Байкер одобрительно крякнул, и с интересом посмотрел. Мезень предложил пяток таблеток фенотропила, понимая, что Байкер, скорее всего, тоже сутки не спал. Пробормотав что-то типа: - "Ух-ты! Со студенчества их не ел!", Байкер с благодарностью принял, убрал в карман.
Закурили, лежа в полутора метрах друг от друга. Молчали.
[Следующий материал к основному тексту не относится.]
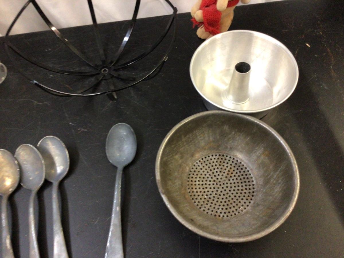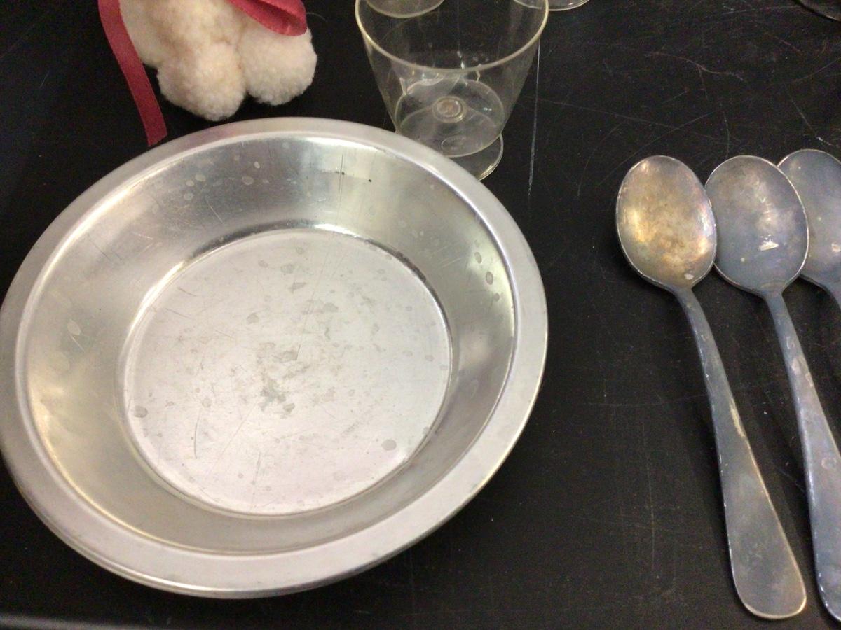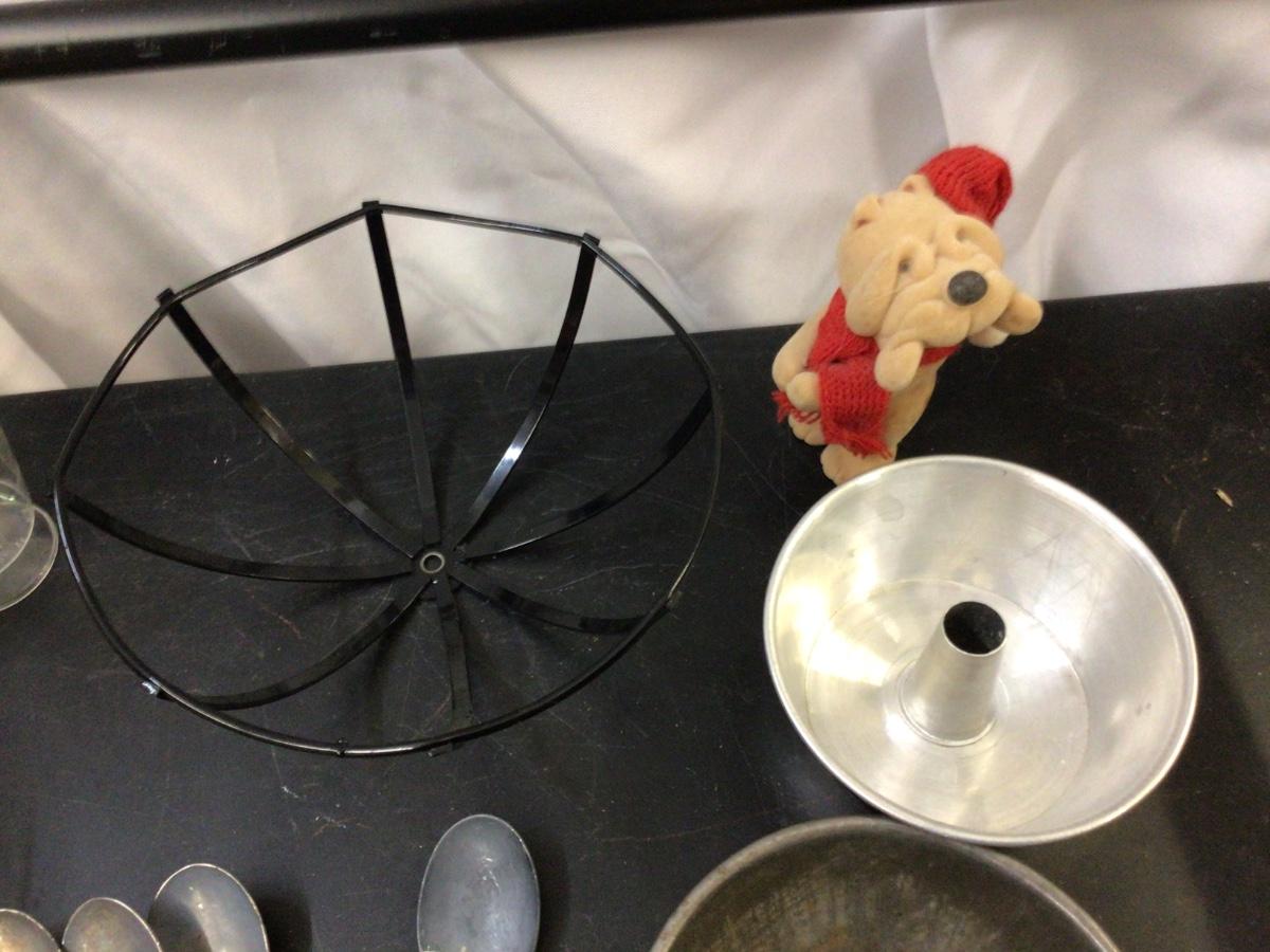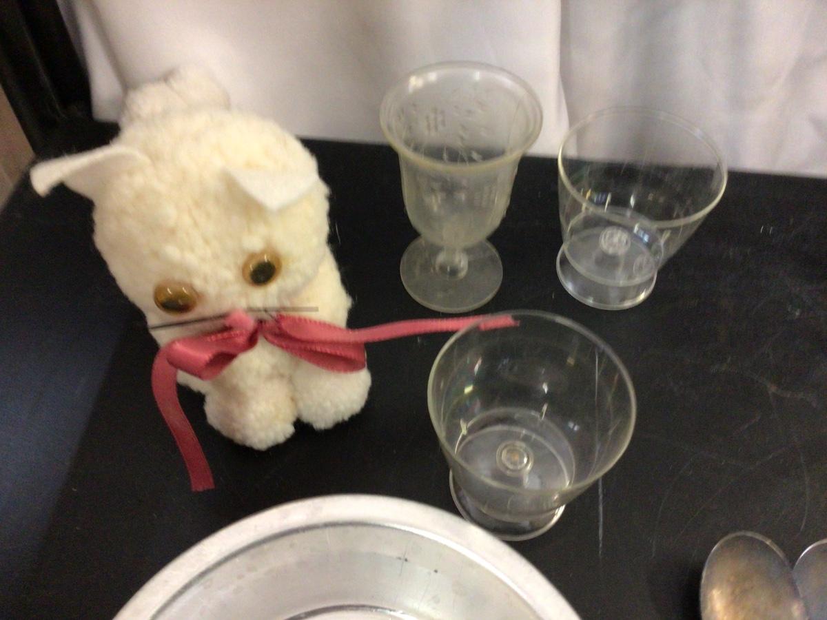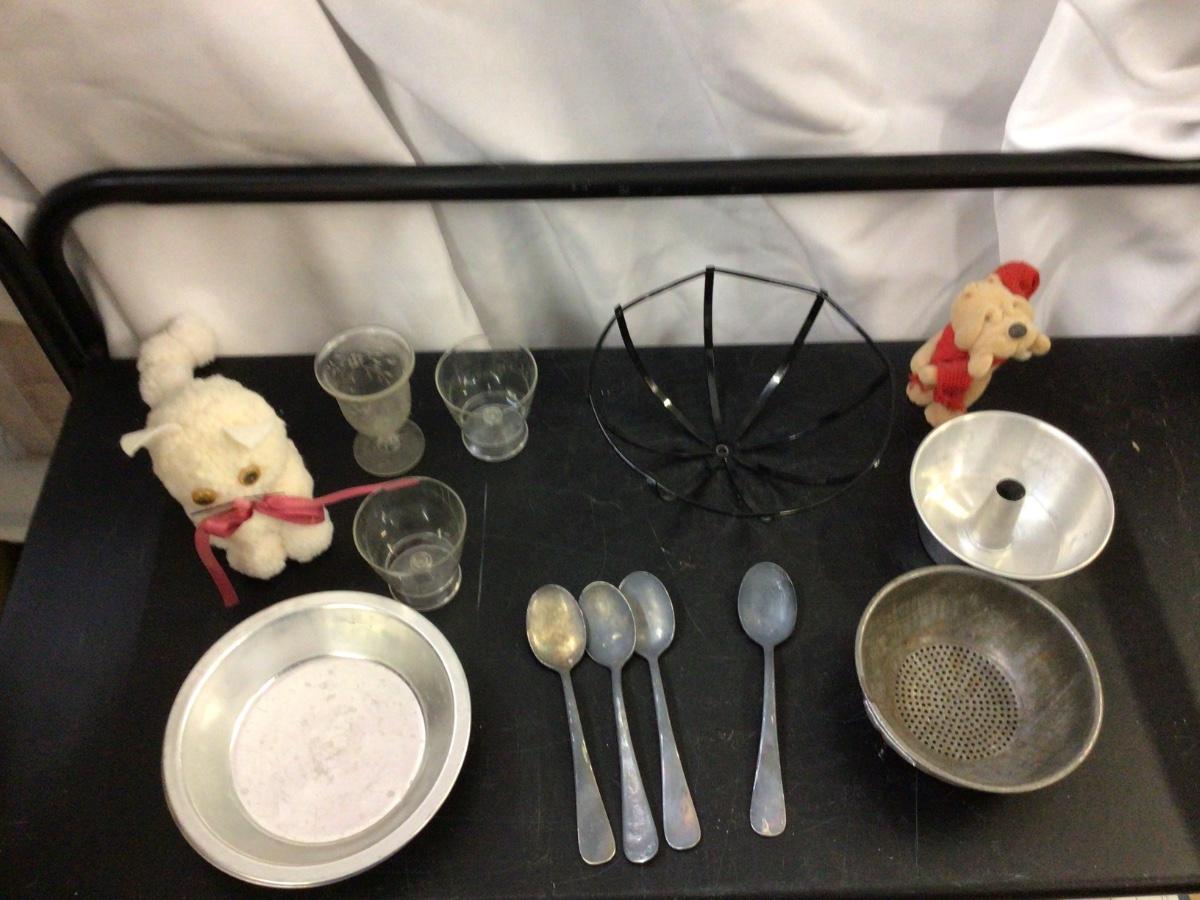 You get two plushy one cat and one dog. You get small metal basket, toy pie plates, colander, Angel food cake pan, and four metal spoons. There is also three plastic toy glasses.

Докурив, перед тем как уползти, Байкер посмотрев долгим взглядом в лицо санитара, помолчал, и выдал на прощание:
- Молись. Так выживешь. Только Он здесь решает, - показал глазами вверх, в синеву утреннего неба над уродливыми кронами полукустов-полудеревьев, из которых состоят почти все посадки на Донбассе.
Потом санитар курил, уже в одиночестве, по две-три подряд, почему-то.
Над ним повис дрон, близкое отвратительно-монотонное жужжание которого обычно не сулит ничего доброго и светлого. Либо корректирует, гад, либо чего ненужное сейчас сбросит. А может и сочетать. Но, видимо, дерево было не только опасностью, но и спасением - в данном случае. Кроной закрывало возможность или бросить точно, или же ясно разглядеть не шевелящуюся фигуру, лежащую лицом вниз. Кисти рук были сложены под грудь, сдвинутой каской закрыл кусок розовой шеи. Жмур вроде. Жужжащая вечность закончилась - дрон с противным звуком ушел вбок, куда-то наискось. Высматривать новые пейзажи и натюрморты. Натюрморты - санитар почему-то машинально подумал, вспомнил, что перевод этого слова - "мертвая природа", как это по смыслу близко к происходящему! Дрон легко мог сделать за секунды из портрета - натюрморт.
Опять курить. Пару глотков теплой воды. И опять курить - чтобы занять время действием.
Прибежал посыльный с распоряжением санитарам двинуться на позиции, каждому на свою. Разделили с Байкером. Опытным, надежным и спокойным. В моменте Мезень немного даже приуныл. Для него это был первый подобный замес. И работать предстояло в одного. Стрелковка, беготня, арта с обеих сторон наваливает, старается. По пятаку - диаметром метров триста - пятьсот. Суетно как-то. И громко.
С посыльным добежал до назначенной позиции. По окопу - направо. Вот оно, бункер - ! И настроение - улучшилось. Не в яме ворочаться, чай. Или в воронке какой.
Ввалился под землю, в бетон. Тут уже была пара бойцов, не задействованных в штурме. Была горелка, вода и заварка, сахар. На гражданке Мезень пил только зеленый и без сахара, тут же шел только черный и сладкий. Выпил чаю, разложил аптеку, шприцы-ножницы, достал и положил обратно в аптечку такой неуместный тут градусник, подготовил свет, запасной свет, приготовился к поступлению раненных. В висках стучало, адреналин пёр.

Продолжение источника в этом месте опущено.